И этот поиск оказывается более объемной, емкой, выпуклой идеей, способной поднять людей, объединив их в опасную толпу, стаю. Заметьте, что при совет-ской власти мы только и жили с этой идеей: у нас есть враг народа. Внутри страны, на ее границах, за ее пределами. С этим мы живем до сих пор. Сегодня патриотизм (я знаю, сейчас многие возмутятся) — это жуткая архаика в общенациональном масштабе. Команда ЦСКА победила в борьбе за кубок УЕФА, но обратите внимание, что там победил интернациональный клуб, а не национальный. То же самое во всех странах. Посмотрите титры многих фильмов, в основном зарубежных, — это тоже интернациональные клубы. Там Россия, Германия, Австрия, Мексика, Италия подписаны под одной картиной. Этническим патриотам не стоит ходить на стадионы и смотреть кино.

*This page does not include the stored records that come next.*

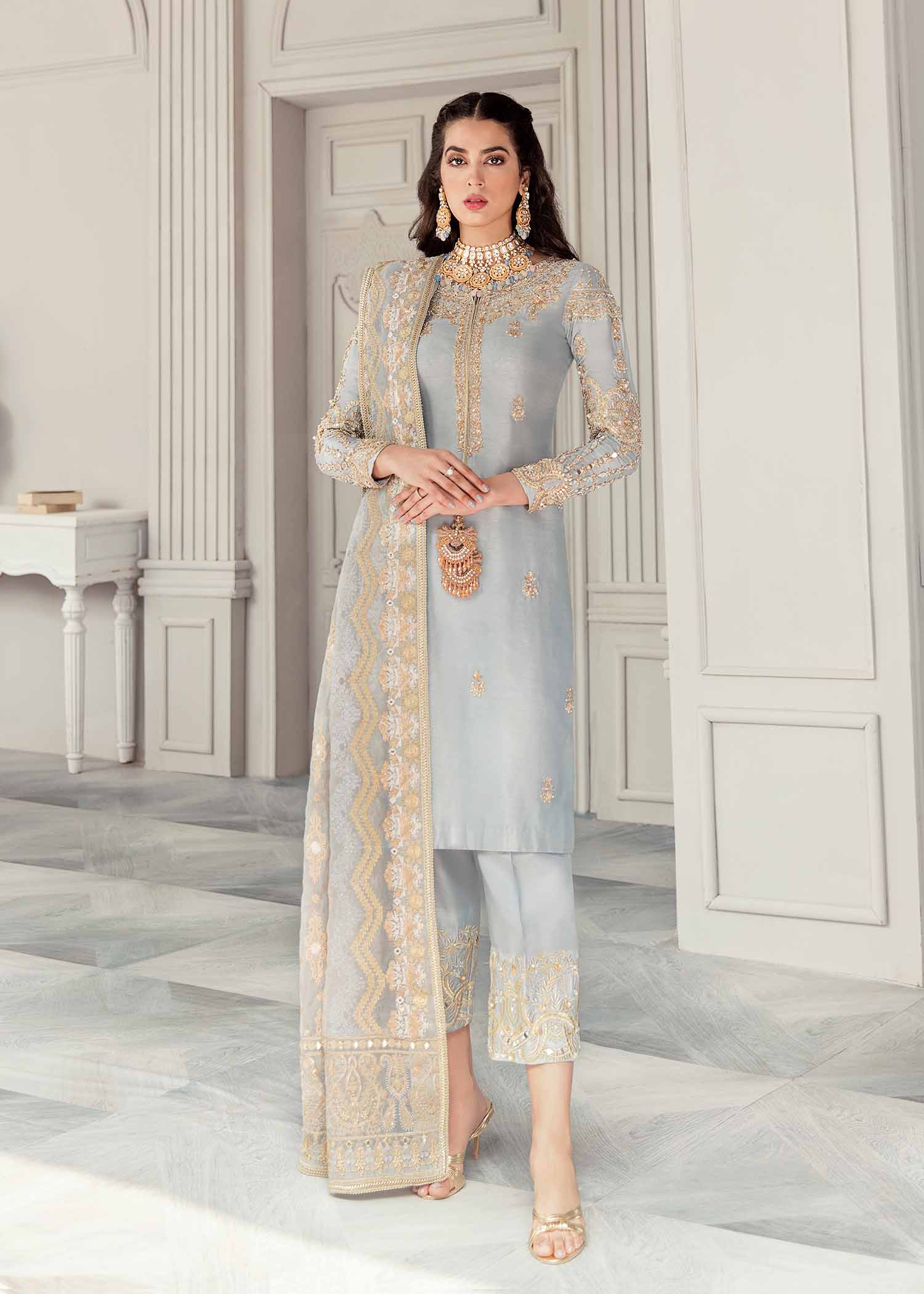 Mishal takes pride in its handcrafted party wear. Due to the delicate nature of our items, slight variations may occur (5-10%) in design, color, or embellishments. We recommend dry cleaning for all garments.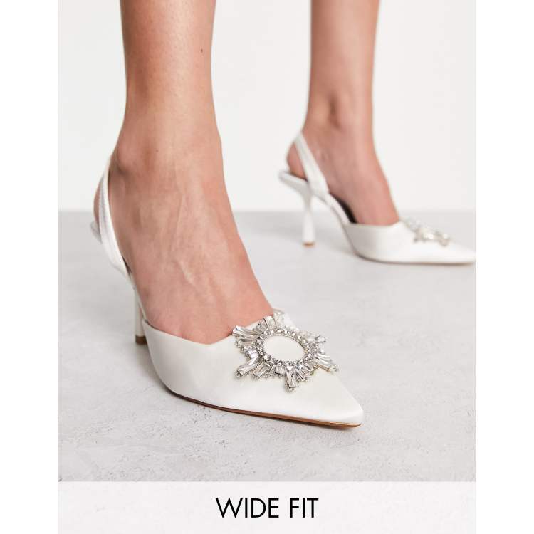 Asos ivory wedding clearance shoes, London Rebel embellished slingback bridal heeled shoes in ivory satin clearance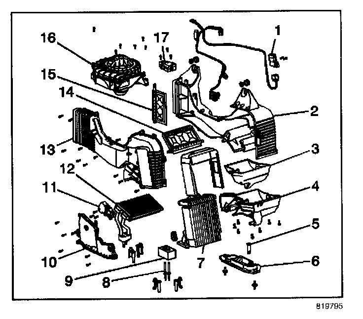 13. Separate the HVAC module-auxiliary case halves (2,13).
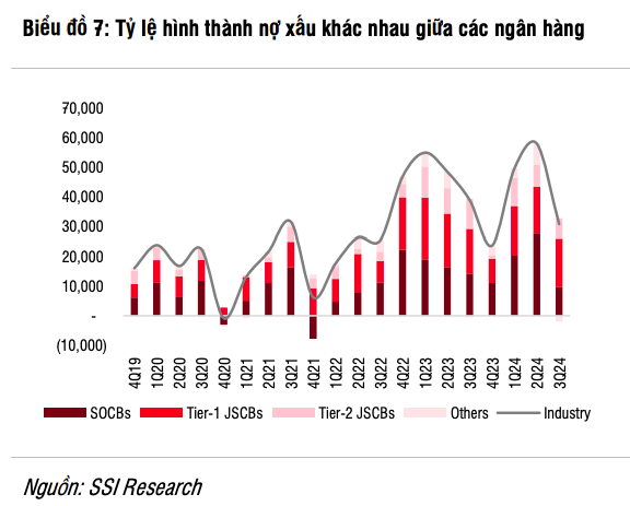 Sau khi tăng vọt lên 2,12% vào quý II/2024, tỷ lệ hình thành nợ xấu đã giảm đáng kể ở các ngân hàng SSI Research nghiên cứu xuống còn 1,22% trong quý III/2024, ngoại trừ OCB, MBB, TPBank và VIB.
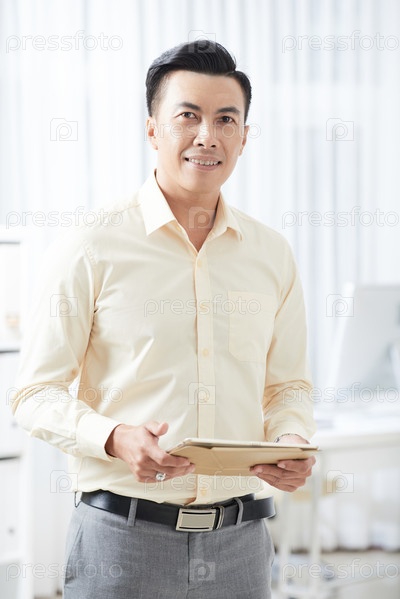Азиатский бизнесмен с цифровым планшетом в офисе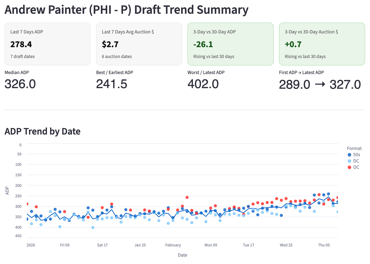 Another high upside NL East pitcher we’re keeping an eye on this spring is Andrew Painter. He’s one of the game’s top pitching prospects, but it’s been a long time coming. He’ll turn 23 in April, so he’s still young, but his big breakout season was back in 2022 when he threw 108 innings as a 19 year old with a 39% K% and a 6.5% BB%. He was smoking dudes. And then he had Tommy John and missed the entire 2023 and 2024 seasons (at least as far as pitching in a regular season game goes).

В заключение вспомню такого известного писателя, как Свифт. Его замечательное повествование о путешествиях Гулливера являлось глубоко антипатриотическим по отношению к великой Британской империи. В связи с этим я хотел бы процитировать небольшой фрагмент из заключения, в котором автор обращается к своим согражданам. Как вы помните, для него самой благодетельной страной оказалась страна Гуингмия. Так вот, он пишет, что «гуингмы так же мало гордятся своими хорошими качествами, как я горжусь тем, что у меня есть две руки и две ноги, и ни один человек не будет кичиться этим, хотя и будет несчастным, если лишится того и другого. Меня не раздражает куча уродств духовных и физических. Но когда мне дают в придачу еще и гордость, то терпение мое немедленно исчезает». Так вот, когда сегодня говорят о патриотизме, у меня возникает сильное подозрение, что этой большой-большой заплатой хотят залатать что-то очень постыдное.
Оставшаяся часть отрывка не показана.